With 35 per cent ethnic minority student intake, Mr Millard takes a similar approach to that of Kath Thomas in Oldham - awareness education for everyone, not just the few.

But such work is costly, and therefore vulnerable.

“Some of these communities don’t talk together in the city, but they do in the college. In classes, canteen and corridors, they come together sharing experiences,” he said. “There is a real challenge to speak and share even more, but I fear that these opportunities will be less because of the lack of funds.”

After 77, Bill Rammell, lifelong learning minister, moved rapidly to meet Muslim communities in their colleges to give reassurance and seek advice.

The community leaders were impressed.

However, Mr Millard asks a fundamental question: did ministers really understand where funding for “skills” should be targeted?

“This is another part of the debate to be had with the Learning and Skills Council. We heard from ministers about social policies. We should all challenge them on these wherever we see opportunities being taken away,” he said.

On this, there was unanimous agreement at the seminar. The ability to conduct rational argument around racial tolerance and mutual understanding was as crucial a skill as basic literacy and numeracy. Prejudice and assumptions arising out of ignorance were equally, if not more, economically and socially excluding.

Colleges should seek help in tackling the roots of racial intolerance and ignorance wherever they can, said Ian Millard. City of Wolverhampton has a partnership with the United States Institute of Race and Culture, in Boston.
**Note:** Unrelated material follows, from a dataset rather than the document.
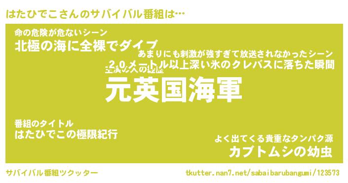 | 伝説のあだ名 | 『伝説の傭兵はたひでこ』 |

“The head of the college, Janet Helms, came over to talk about different approaches,” he said.

“She asks fundamental and challenging questions about why we do what we do, what we want out of multiculturalism and why we are pushing the agenda.

“Once you say yes to the social values of justice, cohesion and diversity, you must still question what you are doing and expect your staff and students to challenge you openly every step of the way.”
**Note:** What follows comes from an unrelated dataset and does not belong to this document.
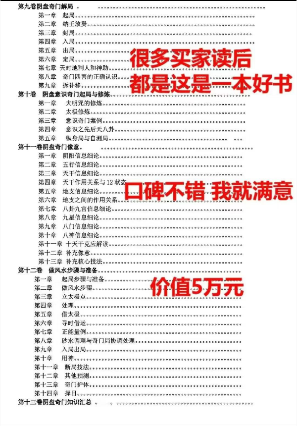 简介:《乾坤阴盘奇门》乾坤道家阴盘奇门,阴盘奇门相关书籍。本书不仅仅可适用零基础的朋友,想要精进的也可以结缘,里面传授了不少阴盘奇门的核心秘法。

These were not rarefied romantic notions but carried a real business imperative, he said, adding: “I am in the business of recruiting from these communities, helping people to find work and find their place in society.

“If I do not make my college a comfortable place to meet, I will not be able to prepare my staff and students for the environments we expect them to work in. There is a powerful economic argument for the social agenda.”

It is a hard road, he insists: “At every step, assumptions have to be tested and reviewed. We had concerns that we were too passive. We know that we had to take more affirmative action.”

Whenever new race and multicultural policies are in place, at Wolverhampton, they are tested to destruction by impact analysis.

“What does it all mean? Where does it lead? What value is it to learners?”

he said.

The result, says Mr Millard, has been the creation of wide-ranging learning programmes around student rights, helping people to come to terms with their race and culture and not to see it as marginalising or alienating.

“It is about giving every minority a ‘pride of place’ once assumed only for those of Anglo-Saxon origin,” he said.